Gemeindeorganisation
Jede Gemeinde hat ein vom Volk gewähltes Beschlussorgan, den Gemeinderat (schwed. kommunfullmäktige). Der Gemeinderat wird alle vier Jahre bei allgemeinen Wahlen gleichzeitig mit dem Provinziallandtag und dem Reichstag nach dem Verhältniswahlrecht gewählt. Der Gemeinderat wählt den Gemeindevorstand (schwed. kommunstyrelse) und dessen Vorsitzenden (schwed. kommunalråd).
Wie die Gemeinde ihre Arbeit organisiert, ist ihr gemäß dem neuen Kommunalgesetz selbst überlassen. Auf jeden Fall ist die Gemeindeverwaltung in Ausschüssen (schwed. nämnd) organisiert, die heutzutage – je nach Gemeinde - drei verschiedenen Modellen folgen:
- dem Sektorenmodell, bei dem die Ausschüsse die einzelnen Sektoren der Gemeindeverwaltung widerspiegeln (z.b. Schulausschuss, Sozialausschuss, Bauausschuss u.a.),
- dem territorialen Modell, bei dem die Gemeinde ihr Gebiet in Gemeindebezirke einteilt und für diese eigene Ausschüsse einsetzt,
- dem Besteller-Ausführer Modell, bei dem die Gemeindetätigkeit nach Bestellern und Ausführern nach einem marktwirtschaftlichen Prinzip organisiert wird.
Vor allem das letztere Modell hat zur Ausgliederung von gewissen Dienstleistungen in gemeindeeigene Aktiengesellschaften geführt.
Gemeindehaushalt
Die Aufgaben der Gemeinde werden zu mehr als der Hälfte durch die Erhebung von kommunalen Einkommenssteuern finanziert. Im Jahr 2004 betrug der höchste Steuersatz für die kommunale Einkommenssteuer für Gemeinden und Provinziallandtage 34,4% (Gemeinde Dals-Ed) und der niedrigste 28,9% (Gemeinde Kävlinge). Darüber hinaus bekommen die Gemeinden staatliche Zuschüsse (z.B. Lastenausgleich) und erheben Abgaben für gewisse Dienstleistungen.
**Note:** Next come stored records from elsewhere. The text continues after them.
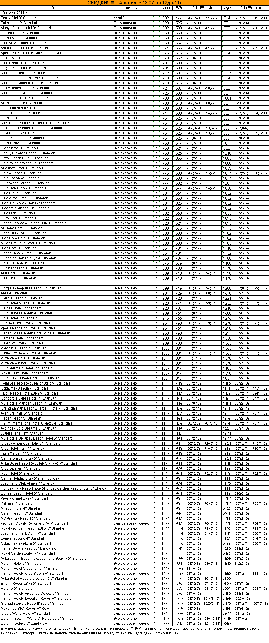 12 Июл 2011 10:43:57 ТУРЦИЯ. Алания с 13.07 на 12дн/11н от фирмы АЛМА ТУР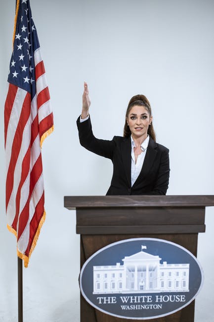 拿着我们的旗帜的黑色西装外套的女人 · 免费素材图片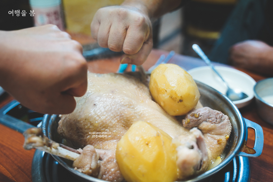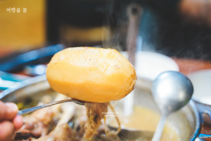 샤브샤브를 먹고 나면 닭백숙이 나온다. 닭이 얼마나 큰지 냄비 밖으로 튀어나올 지경. 자리가 부족해 감자는 사장님이 따로 들고 와서 넣어주신다.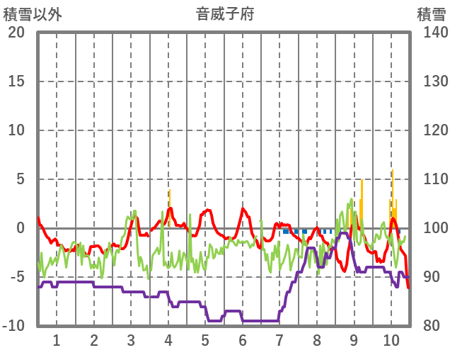 | 日 | 時 | 気温 | 降水 | 風向/風速 | 日照 | 積雪 | 降雪 |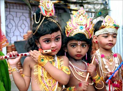 Children, like these tots in Agartala, are often dressed as Lord Krishna on Janmashtami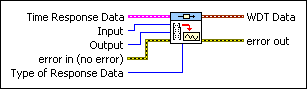 WDT Data returns the time response data for the input-output pair you select. This VI starts the time response Y at time t0 and evaluates it at a sample time dt. | ||||||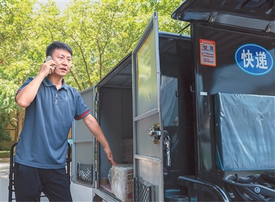 700專(zhuān)用號(hào)碼啟用后可方便消費(fèi)者識(shí)別、提升快遞員、外賣(mài)員配送效率。在網(wǎng)約車(chē)行業(yè)推廣后,700專(zhuān)用號(hào)碼還將助力乘客精準(zhǔn)識(shí)別駕駛員來(lái)電,讓駕駛員接單更順暢,減少停車(chē)?yán)@行。圖為6月29日,陜西省西安市的一位快遞員正用手機(jī)聯(lián)系顧客,準(zhǔn)備派送快件。新華社記者 毛思倩攝

Auf der Ausgabenseite sind die größten Bereiche das Schulwesen (28% der Bruttokosten), Altenpflege und Betreuung von Behinderten (27%) und die Kinderbetreuung (13%).
Kommunale Interessensvertretung
Seit 1968 sind die schwedischen Gemeinden im Schwedischen Gemeindeverband (schwed. kommunförbundet) organisiert, der ihre Interessen v.a. gegenüber dem Staat vertreten soll. Neben ihrer Aufgabe der Öffentlichkeitsarbeit und der Beteiligung am Gesetzgebungsprozess als Gutachter bieten sie ihren Mitgliedern auch ein umfassendes Service (z.B. Beratung in juridischen, wirtschaftlichen und administrativen Fragen ua.)